Mutual fund investors long have been advised to strive for diversification in their portfolios, but that goal may seem difficult for a brand-new investor or one who has just a few thousand dollars to invest.
No matter how experienced you are, or how big your investment, you still can put together a diversified portfolio with a variety of funds such as large-, mid- and small-capitalization, as well as domestic and international and stock and bond funds.
Smaller investors seeking diversification may want to start with so-called life-cycle mutual funds, said Eric Tyson, author of “Mutual Funds for Dummies.”
These funds are labeled by date, so investors select them based on when they plan to retire. A 20-something investor, for example, would buy a 2040 fund, which right now would comprise mostly stocks but would decrease its equity position and increase its bond holdings as retirement nears.
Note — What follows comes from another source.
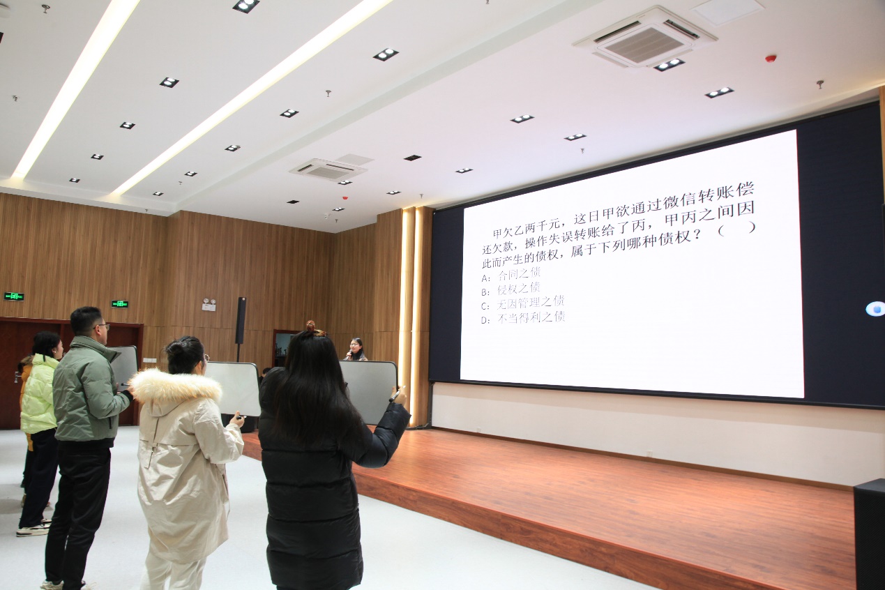 為深入推進(jìn)集團(tuán)法律風(fēng)險(xiǎn)防控體系建設(shè),促進(jìn)提高全員學(xué)法、懂法、用法的積極性,提升集團(tuán)各公司運(yùn)用法律知識(shí)解決實(shí)際問(wèn)題的能力,2023年12月27日祥隆企業(yè)集團(tuán)在煙臺(tái)理工學(xué)院三教報(bào)告廳及模擬法庭開(kāi)展2023年度法律知識(shí)競(jìng)賽決賽,由經(jīng)過(guò)預(yù)選賽選出的集團(tuán)聯(lián)隊(duì)、地產(chǎn)集團(tuán)、商管公司等六支代表隊(duì)進(jìn)入決賽,集團(tuán)副總裁劉禹含蒞臨比賽現(xiàn)場(chǎng),并對(duì)本次競(jìng)賽進(jìn)行了致辭和頒獎(jiǎng)。

Along the same lines, there are also life-stage funds, although these don’t automatically change their holdings over the years. It is up to investors to move to other funds as they get older.
Many fund families, including Vanguard Group and Fidelity Investments, offer life-cycle and life-stage funds.
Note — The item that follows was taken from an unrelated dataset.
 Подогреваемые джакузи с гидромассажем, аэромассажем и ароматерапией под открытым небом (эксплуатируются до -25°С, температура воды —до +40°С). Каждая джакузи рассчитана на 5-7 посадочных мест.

Mr. Tyson also recommends smaller investors look at balanced funds, which hold both equities and bonds.
Employer-sponsored 401(k) plans also present opportunities for diversification but investors need to guard against holding too much of their company’s own stock. The collapse of Enron Corp. drove that lesson home: When Enron filed for bankruptcy protection in December 2001, its workers lost about $1 billion in retirement savings that were largely invested in company stock.
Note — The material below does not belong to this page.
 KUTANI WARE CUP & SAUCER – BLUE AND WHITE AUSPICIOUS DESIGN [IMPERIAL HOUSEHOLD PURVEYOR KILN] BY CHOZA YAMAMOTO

Investment pros generally say investors should devote no more than 15 percent of their portfolios to any particular stock, or even a particular asset class such as large-cap growth funds or small-cap value funds.
Many investors have too much invested in large-cap mutual funds, which own shares of the largest companies, such as Microsoft Corp. and General Electric Co, said Paul Merriman, president of Merriman Asset Management in Seattle and publisher of Fund-Advice.com.
Large-caps were preferred because this sector helped fuel the late 1990s bull market. But that ride was an anomaly, Mr. Merriman said, as large-cap stocks for the most part have underperformed their small-cap counterparts in the long term. The reason is that there is less risk to investing in bigger companies, and thus the reward is smaller.
“We should not expect to get higher returns in lower-risk investments,” he said.
Mr. Merriman recommends a systematic approach to diversification in which investors choose different asset classes over the course of nine years. The plan works best for investors with individual retirement accounts, because, unlike 401(k) investors limited to the options chosen by their employers, they can pick any funds they want.
The nine classes to which Mr. Merriman advises investors commit over the years in order of when they should start are: U.S. small-cap value, international small-cap value, U.S. large-cap value, international large-cap value, emerging markets, U.S. small-cap blend, international small-cap, international large-cap, and U.S. large-cap.